Appearance
Using DOM
Since XML is a tree-structured document, it has two standard parsing APIs:
- DOM: Reads the entire XML at once and represents it as a tree structure in memory;
- SAX: Reads XML as a stream, using event callbacks.
Let's first look at how to use DOM to read XML.
DOM stands for Document Object Model. The DOM model treats the XML structure as a tree, starting from the root node, where each node can contain any number of child nodes.

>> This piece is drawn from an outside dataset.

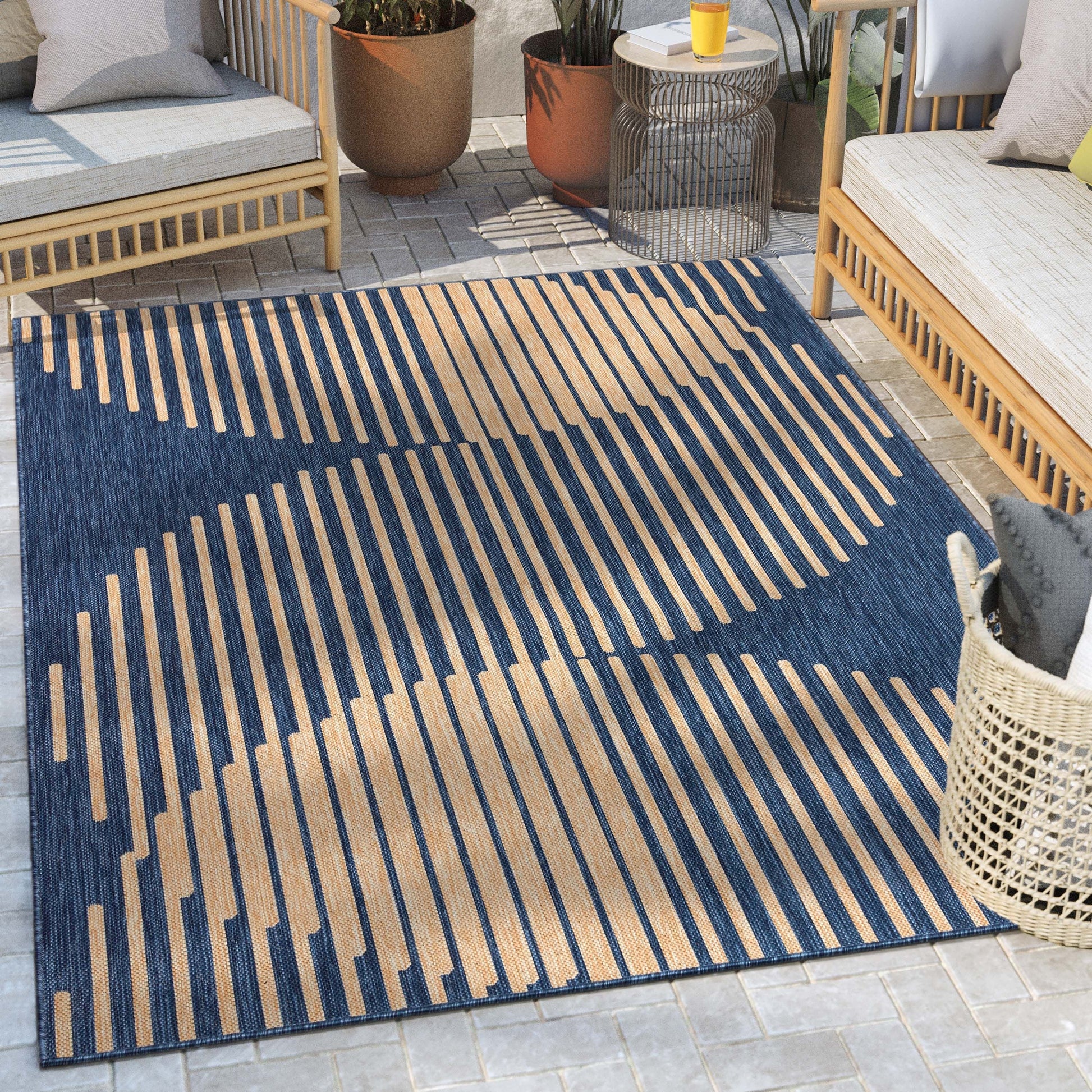 Alder Modern Stripes Indoor/Outdoor Blue Flat-Weave Rug
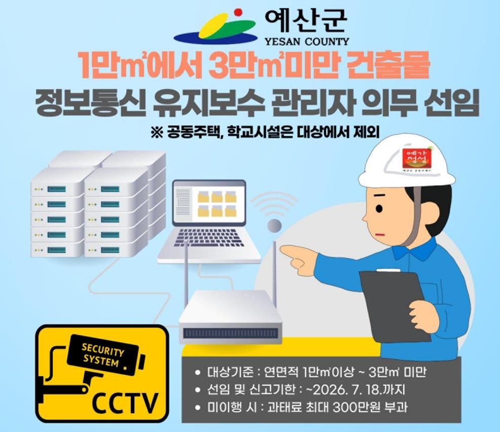 [충청중심뉴스] 예산군은 대형 건축물의 정보통신설비 장애를 예방하고 안정적인 운영을 도모하기 위해 ‘정보통신설비 유지보수 관리자 선임제’를 시행하고 대상 확대에 나선다.

Using the following XML as an example:
xml
<?xml version="1.0" encoding="UTF-8" ?>
<book id="1">
<name>Core Java</name>
<author>Cay S. Horstmann</author>
<isbn lang="CN">1234567</isbn>
<tags>
<tag>Java</tag>
<tag>Network</tag>
</tags>
<pubDate/>
</book>
If parsed into a DOM structure, it would look approximately like this:
┌─────────┐
│document │
└─────────┘
│
▼
┌─────────┐
│ book │
└─────────┘
│
┌──────────┬──────────┼──────────┬──────────┐
▼ ▼ ▼ ▼ ▼
┌─────────┐┌─────────┐┌─────────┐┌─────────┐┌─────────┐
│ name ││ author ││ isbn ││ tags ││ pubDate │
└─────────┘└─────────┘└─────────┘└─────────┘└─────────┘
│
┌────┴────┐
▼ ▼
┌───────┐ ┌───────┐
│ tag │ │ tag │
└───────┘ └───────┘
Notice that the top-level document
represents the XML document itself, which is the true "root". Although <book>
is the root element, it is a child node of document
.
Java provides the DOM API to parse XML, which uses the following objects to represent the XML content:
- Document: Represents the entire XML document;
- Element: Represents an XML element;
- Attribute: Represents an attribute of an element.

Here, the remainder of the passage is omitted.